In [2]:
import tensorflow as tf
import torch
from torch.utils.data import TensorDataset, DataLoader, RandomSampler, SequentialSampler
from keras.preprocessing.sequence import pad_sequences
from sklearn.model_selection import train_test_split
from pytorch_pretrained_bert import BertTokenizer, BertConfig
from pytorch_pretrained_bert import BertAdam, BertForSequenceClassification
from tqdm import tqdm, trange
import pandas as pd
import io
import numpy as np
import matplotlib.pyplot as plt
import seaborn as sns 
%matplotlib inline

In [3]:
df = pd.read_csv("Twitter_Data.csv")

In [4]:
df.shape

(162980, 2)

In [5]:
df.info()

<class 'pandas.core.frame.DataFrame'>
RangeIndex: 162980 entries, 0 to 162979
Data columns (total 2 columns):
 #   Column      Non-Null Count   Dtype  
---  ------      --------------   -----  
 0   clean_text  162976 non-null  object 
 1   category    162973 non-null  float64
dtypes: float64(1), object(1)
memory usage: 2.5+ MB


In [6]:
df.sample(10)

Unnamed: 0,clean_text,category
33282,looks the government not bothered take any act...,1.0
58400,madam does modi work defence force guess but y...,1.0
40357,modi wants come beed have any problem,1.0
99105,modi sidelined not only sahtru others also sma...,1.0
111527,can arrogant with photographers and security p...,0.0
143733,what modi chcha did,0.0
69112,nation with 300 million without toilets good g...,1.0
45373,much interested modi hmm,1.0
138004,what does modi mean congress mukta bharat the ...,-1.0
65580,for now know the diff between mms and modi see...,0.0


In [7]:
df.head()

Unnamed: 0,clean_text,category
0,when modi promised “minimum government maximum...,-1.0
1,talk all the nonsense and continue all the dra...,0.0
2,what did just say vote for modi welcome bjp t...,1.0
3,asking his supporters prefix chowkidar their n...,1.0
4,answer who among these the most powerful world...,1.0


In [8]:
df['clean_text']=df['clean_text'].astype(str)

In [9]:
sentences = df.clean_text.values

# We need to add special tokens at the beginning and end of each sentence for BERT to work properly
sentences = (["[CLS] " + sentence + " [SEP]" for sentence in sentences])
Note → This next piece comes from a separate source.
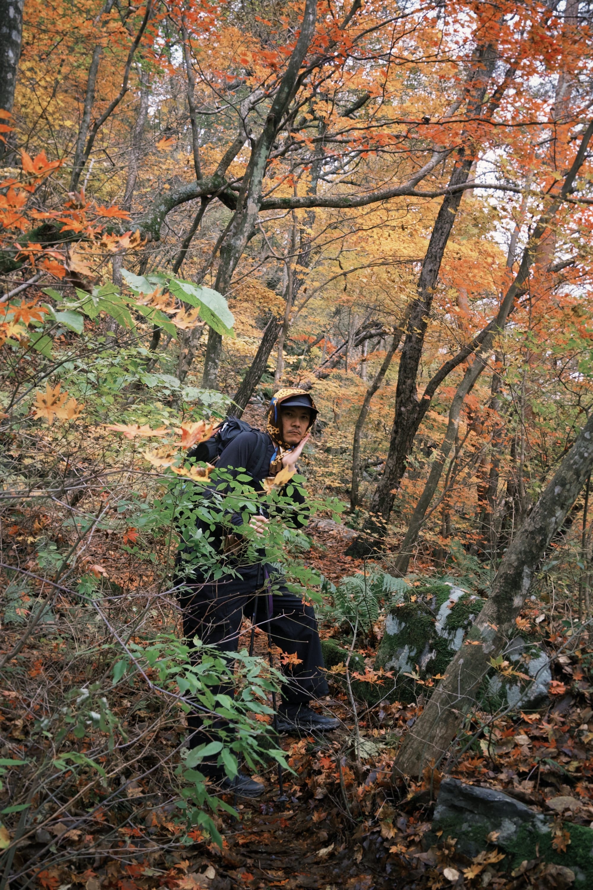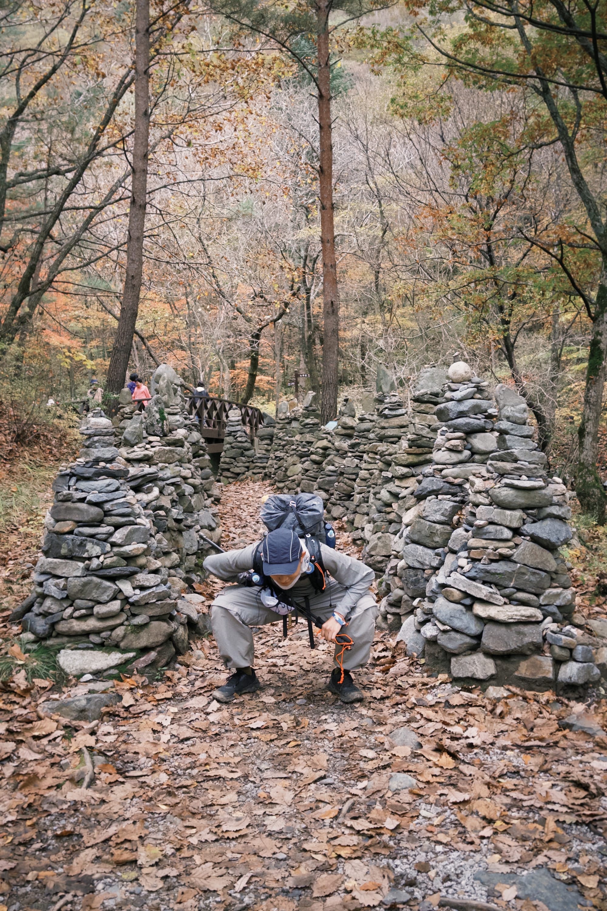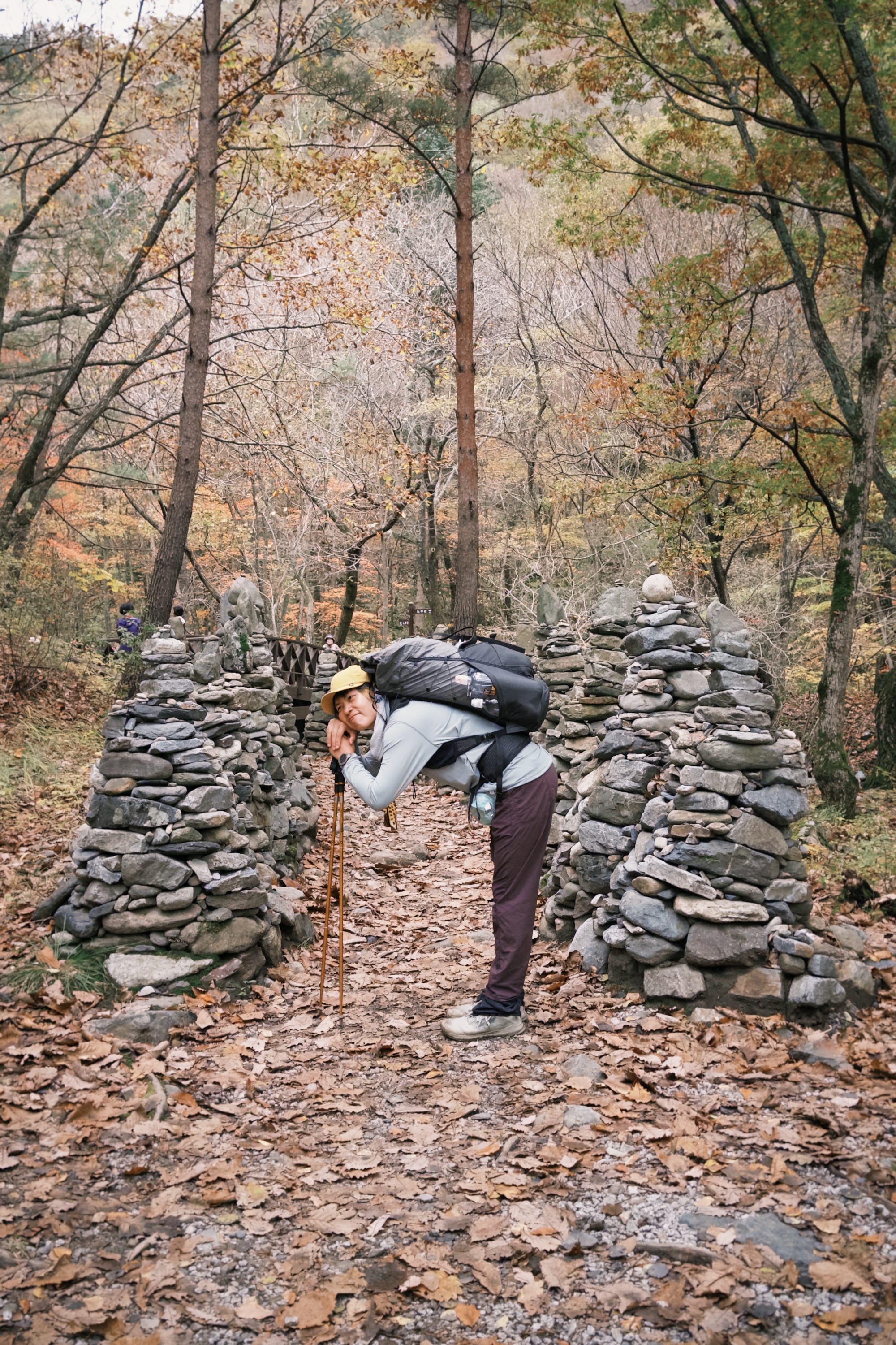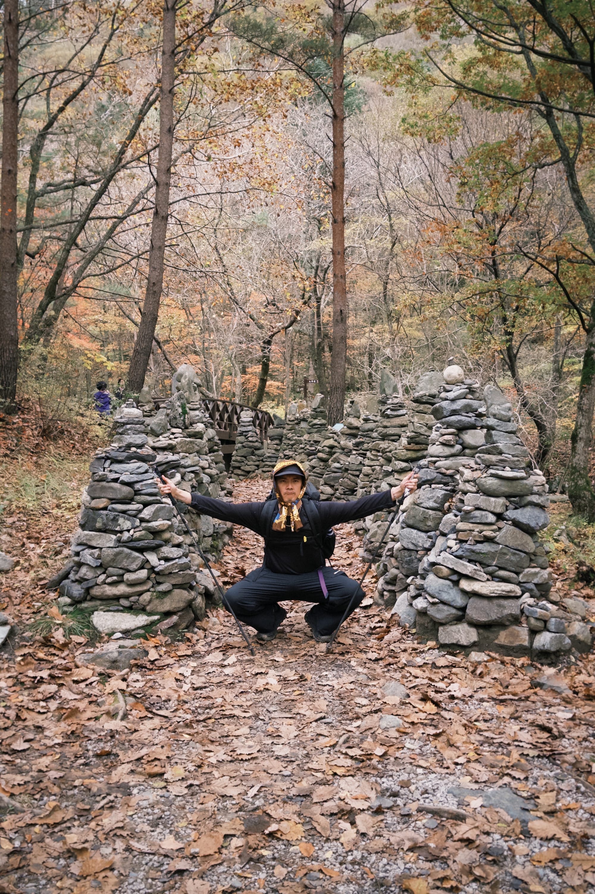 一路上都是滿地的楓葉,到達每一個檢查點基本上都有明確的地標物(白頭大幹好酷的名字)

categories= df.category.values

In [10]:
tokenizer = BertTokenizer.from_pretrained('bert-base-cased', do_lower_case=False)

tokens = [tokenizer.tokenize(sentence) for sentence in sentences]
print ("Tokenize the first sentence:")
print (tokens[0])

Tokenize the first sentence:
['[CLS]', 'when', 'm', '##od', '##i', 'promised', '“', 'minimum', 'government', 'maximum', 'governance', '”', 'expected', 'him', 'begin', 'the', 'difficult', 'job', 'reform', '##ing', 'the', 'state', 'why', 'does', 'take', 'years', 'get', 'justice', 'state', 'should', 'and', 'not', 'business', 'and', 'should', 'exit', 'ps', '##us', 'and', 'temples', '[SEP]']


In [11]:
input_ids = [tokenizer.convert_tokens_to_ids(x) for x in tokens]

In [12]:
max_len=250
input_ids=np.zeros((len(df),max_len))
attention_mask=np.zeros((len(df),max_len))
input_ids.shape,attention_mask.shape

((162980, 250), (162980, 250))

In [14]:
from keras.preprocessing.sequence import pad_sequences

MAX_LEN = 130

input_ids = pad_sequences(input_ids, maxlen=MAX_LEN , truncating="post", padding="post")

In [15]:
attention_masks = []

for sent in input_ids:
  att_mask = [int(token_id > 0) for token_id in sent]
    
  attention_masks.append(att_mask)

In [23]:
input_ids = input_ids.astype(float)

In [24]:
from sklearn.model_selection import train_test_split
train_inputs, val_inputs, train_cate, val_cate = train_test_split(input_ids, categories, random_state=2018,test_size=0.1)


In [25]:
train_mask, val_mask,_,_ = train_test_split(attention_mask, input_ids, random_state=2018, test_size=0.1)

In [30]:
val_inputs.dtype

torch.float64

In [26]:
train_inputs = torch.tensor(train_inputs)
val_inputs = torch.tensor(val_inputs)
train_cate = torch.tensor(train_cate)
val_labels = torch.tensor(val_cate)
train_mask = torch.tensor(train_mask)
val_mask = torch.tensor(val_mask)

In [35]:
batch_size = 32
#model
train_data = TensorDataset(train_inputs, train_mask, train_cate)
train_sampler = RandomSampler(train_data)
train_dataloader = DataLoader(train_data, sampler=train_sampler, batch_size=batch_size)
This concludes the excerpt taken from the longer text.